Mass Marketing vs Target Marketing

Have you ever wondered;

“if you’ve done marketing differently from the start,

what the outcome could have been?”

Well, that thought crossed my mind this week while I was reading a bedtime story to my daughter. I was actually amazed with how I could draw a parallel between the story and how so many of us (and I speak out of experience) are marketing our businesses.

I would like to tell you the story (in a few words), so you can understand what I mean.

shotgunThe story was about a very poor little boy, who by some tragic events was the only provider for his sick mother and 2 little sisters. To ensure there was food on the table he daily went to the nearby lake and spend hours waiting with his shotgun for a flock of geese to arrive.

Having only one shot per day and hoping that one of the pellets in the shot actually kills a bird, he had to get his timing right. Unfortunately it often happened that his one shot didn’t even kill one goose and he had to go home disappointed and sad because his family didn’t have meat to eat.

Then one day while waiting at the lake a hunter passed by, spotted the boy and asked him what he was doing. After some conversation, the hunter felt very sorry for the boy and gave him his rifle and 3 bullets as well as the instructions that when he shoots his first deer with the rifle, he must take it to butcher’s stall at the market place.

The boy was too afraid to use the rifle and carefully buried it under a huge tree. Eventually his shotgun ammunition run out, and after many weeks, struggling to provide for his family, his sick mother died.

He then remembered about the rifle, the 3 bullets and the instructions from the hunter.

Well, to make a long story short, he killed a deer with the 3rd bullet and that one kill changed the boy’s life. It not only provided food for himself and his sisters, but he could also sell the access meat to the butcher at the marketplace. Through a good strategy of repeat kills and selling the meat, he eventually became quite a wealthy man.

This is just a children’s story, but it actually made me sit up and realise the truth behind it with regard to how we sometimes do our marketing:

The shotgun approach (mass marketing) vs

the rifle approach (target marketing).

As in the story above, a lot of us sometimes use the shotgun approach in marketing and hope that one of the pellets hits a client – any client.

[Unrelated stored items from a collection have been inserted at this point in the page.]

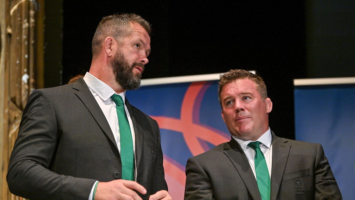 HIT THE GROUND RUNNING: Head coach Andy Farrell, left, and national scrum coach John Fogarty during the Ireland Rugby World Cup 2023 welcome ceremony at Le Grand Théâtre de Tours in France. Pic: Brendan Moran/Sportsfile
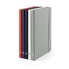 Notatnik A5 wykonany z poliuretanu (35%) i poliuretanu (15%) pochodzącego z recyklingu. Twarda okładka wykonana jest w 100% z kartonu pochodzącego z recyklingu. Zawiera 192 kartki w linie, w 100% z recyklingu, w kolorze kości słoniowej, pasek rozdzielający i gumkę do zamykania notatnika. 138 x 210 mm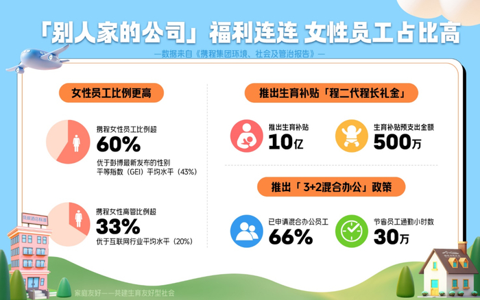 为此,携程推出了10亿元的生育补贴、500万的生育补贴预支出金额。今年6月30日,携程集团宣布,推出针对全球员工的生育补贴政策——“程二代程长礼金”,缓解员工的生育养育压力。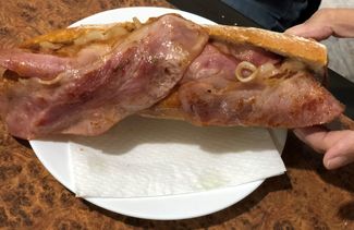 . pepito de bacon con patatas a lo pobre y longaniza: algo poco hecha la longaniza y bien el bacon.

We are also sometimes too afraid to use the rifle approach to target a specific type of client in the fear that we might lose out on a bigger audience.

We want to be…

“All Things to All People”

We’re trying to spread our marketing message to anyone and everyone that is willing to listen; we do a truckload of general advertising to the mass market in the hope that some of it will hit a target; we want to have such a wide range of services to enable us to take each and every job that comes our way; and ultimately we become a “jack of all trades and a master of none”.

But, what often happens with this type of “shotgun-mass-marketing” approach is that

  • VAs are mostly disappointed with the results they get or
  • they tend to do a lot of work that they don’t really want to do or have experience in

Eventually they reach a point where they have to do some soul searching and need to make important decisions about their ideal clients and how to reach them.

It is at this point, that they start taking a look at the “rifle approach”.

What do you want to do?  Wait for a turning point in your business, or use a rifle from the start?

I would love to hear what you think about this.